| Task to carry out |
Restate each of the lines below word for word and drop every picture.

| Data extract |
====
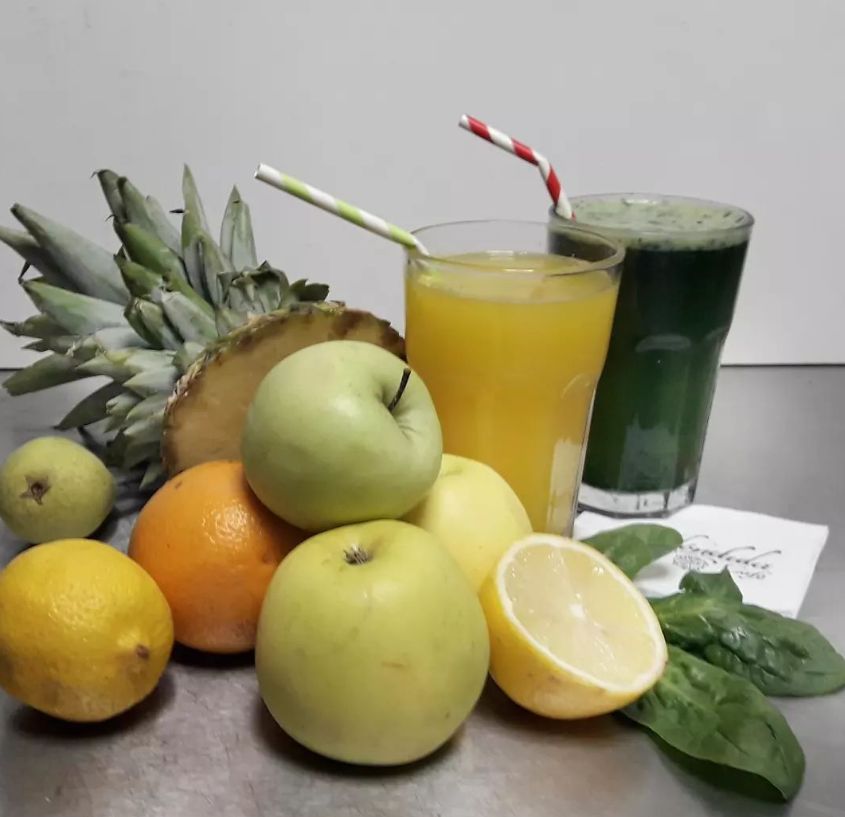 Zumo de Naranja, Espinaca, Piña, Limón, Manzana y Miel
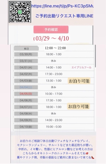 先日の日記で4月の出勤日をお伝えした件なのですが、女の子の日のことを失念しておりました💔
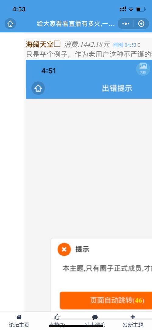 而且大平台的技术你能比的了吗,自己服务器压力直播卡顿操作体验等都被秒杀。x 1都发展三年了,你在官方首页点一个需要加圈子才能看的帖子,里面弹出一个提示框告诉你需要加圈才能看。然后如果你不想加呢,不行,没有你退出的地方,除非你关掉这个页面。我想说的是官方的精力应该放在这些细节,你不完善等谁完善啊?天天更新以至于没法自己开发模版,而你默认的模版不好看体验差却不优化,还天天鼓励站长们实战,这不矛盾吗
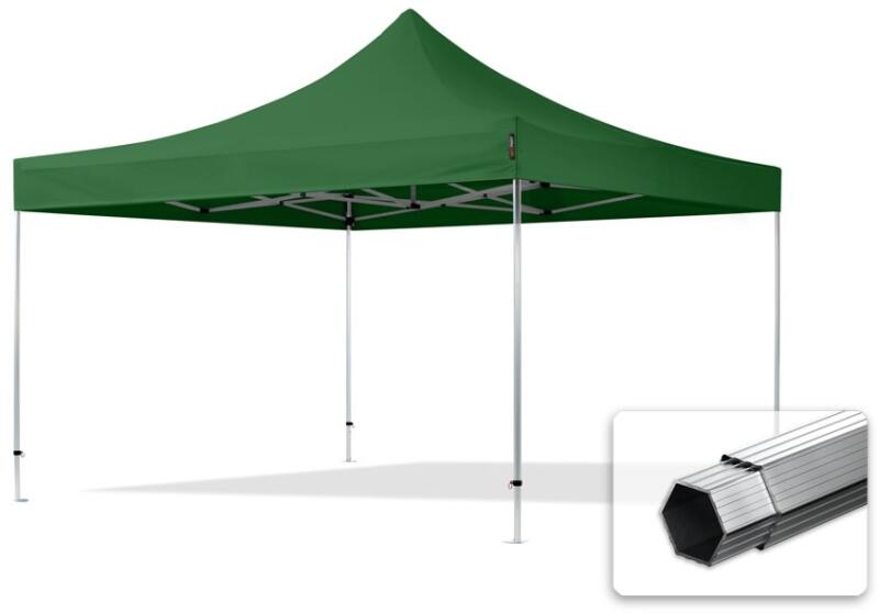 TOOLPORT Összecsukható pavilon, Aluminium, 4x4m, oldalpanelek nélkül, sötét zöld Pavilon sátor, Piaci sátor, Pop up sátor - (600191)
====
| Solution below |
 Zumo de Naranja, Espinaca, Piña, Limón, Manzana y Miel
 先日の日記で4月の出勤日をお伝えした件なのですが、女の子の日のことを失念しておりました💔
 而且大平台的技术你能比的了吗,自己服务器压力直播卡顿操作体验等都被秒杀。x 1都发展三年了,你在官方首页点一个需要加圈子才能看的帖子,里面弹出一个提示框告诉你需要加圈才能看。然后如果你不想加呢,不行,没有你退出的地方,除非你关掉这个页面。我想说的是官方的精力应该放在这些细节,你不完善等谁完善啊?天天更新以至于没法自己开发模版,而你默认的模版不好看体验差却不优化,还天天鼓励站长们实战,这不矛盾吗
 TOOLPORT Összecsukható pavilon, Aluminium, 4x4m, oldalpanelek nélkül, sötét zöld Pavilon sátor, Piaci sátor, Pop up sátor - (600191)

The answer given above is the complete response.